When I finally saw the digest appear in the rollout manifest and then verified that the running image in the cluster matched it, that was the moment the whole exercise stopped being theoretical.
Was It Worth It?
Yes, but with an asterisk.
It was worth it because it exposed a set of real engineering constraints that are easy to underestimate:
- GitOps is easy to describe and harder to preserve rigorously
- automation identity matters
- mutable tags are a footgun
- branch protection interacts with release automation in nontrivial ways
- platform permission models have real edges
It was also more machinery than most teams need.

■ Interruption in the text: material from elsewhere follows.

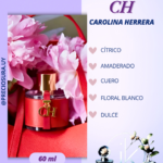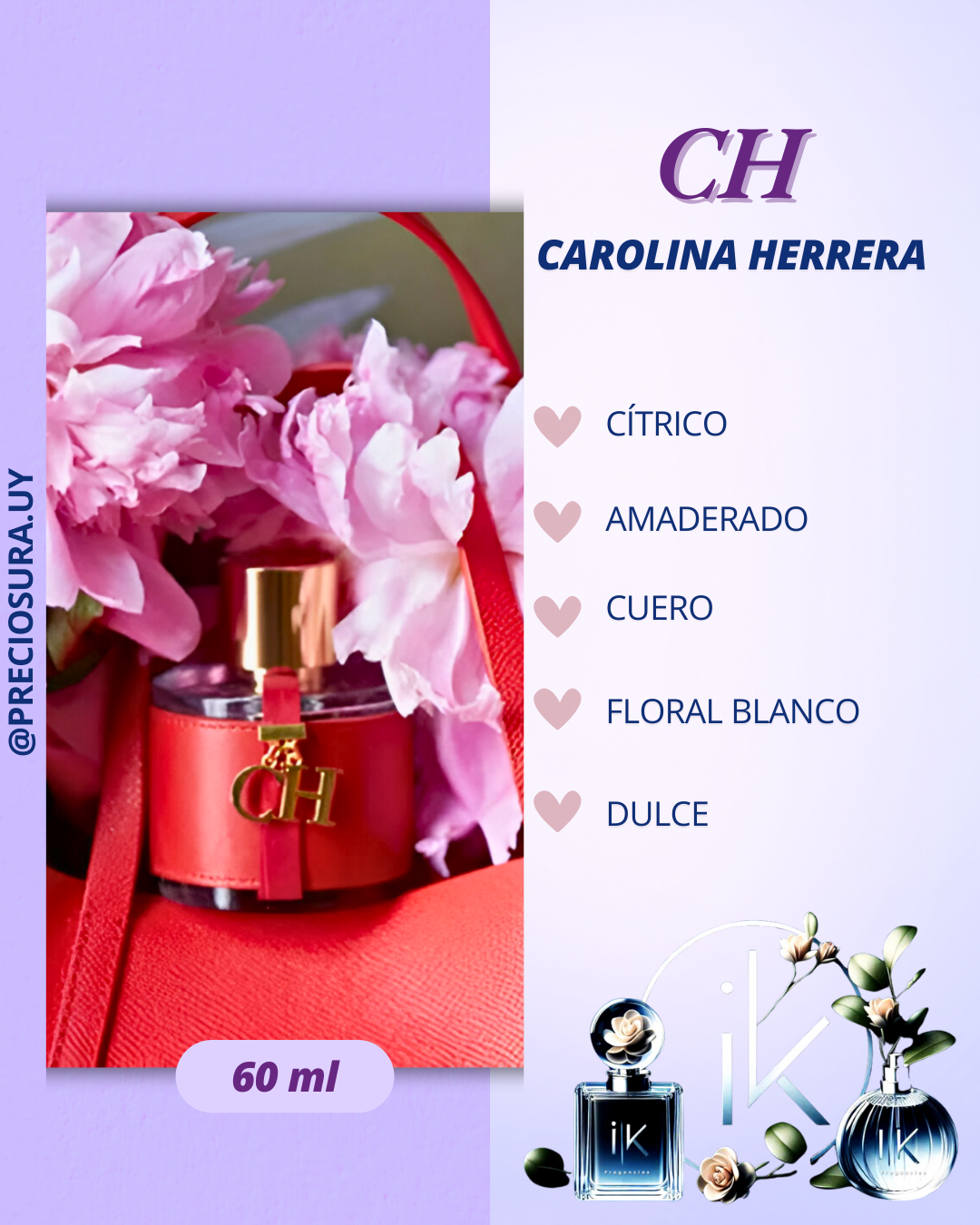 CH de Carolina Herrera es una fragancia de la familia olfativa Oriental Floral para Mujeres. CH se lanzó en 2015. Las Notas de Salida son bergamota, toronja (pomelo) y limón (lima ácida); las Notas de Corazón son flor de azahar del naranjo, rosa y jazmín; las Notas de Fondo son cuero, pachulí, praliné, sándalo, cedro y almizcle.
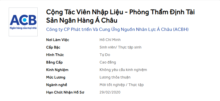 [li]Sinh viên năm cuối các trường Cao đẳng, Đại học.[/li][li]Khả năng đánh máy nhanh và chính xác (tối thiểu 60 từ/phút).[/li][li]Khả năng làm việc độc lập và chịu được áp lực.[/li][li]Khả năng làm việc nhóm và phối hợp với các đồng nghiệp ở các đơn vị chức năng khác nhau.[/li][li]Nhanh nhẹn, đúng giờ.[/li][li]Chăm chỉ, cẩn thận, trung thực, tinh thần trách nhiệm.[/li][li]Hòa đồng, cộng tác.[/li][/ul]

If I were building this for many production teams, I would also seriously consider simpler paths:
- Argo CD Image Updater
- a dedicated promotion repository
- a repo-scoped bot with
Contents: write - a release-tag based promotion model
The point is not that every shop should build exactly this. The point is that if you care about immutable artifact promotion in a GitOps system, there is a real problem here to solve, and the “obvious” solution is rarely as simple as it first sounds.
The Real Takeaway
The most satisfying part of this project was not just that the idea worked. It was that the work surfaced the right tradeoff.
The final design is not “perfect least privilege.” It is:
- secure enough to be credible
- narrow enough to be responsible
- simple enough to be supportable
- explicit enough to preserve GitOps guarantees
That is usually the actual engineering target.